* Exercise directions
All that should come back is the lines of the data below from the one containing "O documento descreve" to the one containing "樓承板的施工一般專業廠家施工", inclusive, exactly as they stand.

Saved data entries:
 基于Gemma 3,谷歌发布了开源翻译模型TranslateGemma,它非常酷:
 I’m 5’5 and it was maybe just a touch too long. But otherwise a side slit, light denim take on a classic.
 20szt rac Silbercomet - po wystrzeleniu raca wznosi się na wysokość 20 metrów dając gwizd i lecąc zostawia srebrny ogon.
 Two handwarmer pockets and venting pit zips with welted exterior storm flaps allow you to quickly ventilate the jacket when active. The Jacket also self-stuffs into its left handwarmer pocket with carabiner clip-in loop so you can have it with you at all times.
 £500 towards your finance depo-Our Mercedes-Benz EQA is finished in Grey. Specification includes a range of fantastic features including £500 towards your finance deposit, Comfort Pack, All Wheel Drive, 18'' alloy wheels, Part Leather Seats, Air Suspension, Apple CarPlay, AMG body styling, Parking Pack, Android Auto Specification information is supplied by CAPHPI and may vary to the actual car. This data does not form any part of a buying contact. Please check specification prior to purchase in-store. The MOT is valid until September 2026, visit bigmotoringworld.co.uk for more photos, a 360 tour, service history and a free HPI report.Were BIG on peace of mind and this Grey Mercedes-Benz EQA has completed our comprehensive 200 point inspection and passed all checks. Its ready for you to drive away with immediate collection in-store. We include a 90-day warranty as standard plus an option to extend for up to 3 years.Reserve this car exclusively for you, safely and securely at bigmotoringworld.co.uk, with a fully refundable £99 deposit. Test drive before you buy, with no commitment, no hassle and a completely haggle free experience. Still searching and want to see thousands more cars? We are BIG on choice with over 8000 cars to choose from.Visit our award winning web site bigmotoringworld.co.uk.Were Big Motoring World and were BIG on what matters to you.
...
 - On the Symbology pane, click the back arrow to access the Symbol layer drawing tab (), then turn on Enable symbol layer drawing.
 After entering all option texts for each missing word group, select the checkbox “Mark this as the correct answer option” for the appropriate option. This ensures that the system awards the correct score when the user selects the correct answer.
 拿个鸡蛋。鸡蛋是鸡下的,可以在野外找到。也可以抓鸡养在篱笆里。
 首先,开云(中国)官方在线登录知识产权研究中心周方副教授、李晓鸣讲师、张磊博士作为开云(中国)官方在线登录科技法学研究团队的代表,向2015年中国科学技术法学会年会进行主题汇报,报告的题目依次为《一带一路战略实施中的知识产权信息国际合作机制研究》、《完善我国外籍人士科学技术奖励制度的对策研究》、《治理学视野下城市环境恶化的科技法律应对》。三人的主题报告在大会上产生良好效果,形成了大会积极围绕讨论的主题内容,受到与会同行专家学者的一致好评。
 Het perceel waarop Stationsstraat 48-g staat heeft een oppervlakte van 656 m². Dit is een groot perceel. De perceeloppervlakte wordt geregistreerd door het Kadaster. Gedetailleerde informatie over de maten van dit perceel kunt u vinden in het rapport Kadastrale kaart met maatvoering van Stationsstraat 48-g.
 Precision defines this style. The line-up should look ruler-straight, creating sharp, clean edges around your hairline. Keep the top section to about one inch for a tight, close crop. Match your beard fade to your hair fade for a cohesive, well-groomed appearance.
==
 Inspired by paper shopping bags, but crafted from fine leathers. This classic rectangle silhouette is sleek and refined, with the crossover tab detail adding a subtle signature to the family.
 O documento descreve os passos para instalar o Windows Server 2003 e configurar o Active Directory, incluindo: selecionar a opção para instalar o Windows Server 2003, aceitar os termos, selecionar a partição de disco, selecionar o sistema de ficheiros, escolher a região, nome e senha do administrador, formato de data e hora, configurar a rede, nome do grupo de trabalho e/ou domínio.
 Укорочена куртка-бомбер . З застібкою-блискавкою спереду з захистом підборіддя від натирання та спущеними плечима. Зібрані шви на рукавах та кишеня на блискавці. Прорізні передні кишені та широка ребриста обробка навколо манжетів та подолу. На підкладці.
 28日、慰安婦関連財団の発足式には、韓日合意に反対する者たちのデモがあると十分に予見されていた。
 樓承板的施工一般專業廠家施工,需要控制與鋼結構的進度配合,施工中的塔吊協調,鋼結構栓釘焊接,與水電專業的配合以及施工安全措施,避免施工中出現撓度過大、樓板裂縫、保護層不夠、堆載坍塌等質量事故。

* Solution for this task
 O documento descreve os passos para instalar o Windows Server 2003 e configurar o Active Directory, incluindo: selecionar a opção para instalar o Windows Server 2003, aceitar os termos, selecionar a partição de disco, selecionar o sistema de ficheiros, escolher a região, nome e senha do administrador, formato de data e hora, configurar a rede, nome do grupo de trabalho e/ou domínio.
 Укорочена куртка-бомбер . З застібкою-блискавкою спереду з захистом підборіддя від натирання та спущеними плечима. Зібрані шви на рукавах та кишеня на блискавці. Прорізні передні кишені та широка ребриста обробка навколо манжетів та подолу. На підкладці.
 28日、慰安婦関連財団の発足式には、韓日合意に反対する者たちのデモがあると十分に予見されていた。
 樓承板的施工一般專業廠家施工,需要控制與鋼結構的進度配合,施工中的塔吊協調,鋼結構栓釘焊接,與水電專業的配合以及施工安全措施,避免施工中出現撓度過大、樓板裂縫、保護層不夠、堆載坍塌等質量事故。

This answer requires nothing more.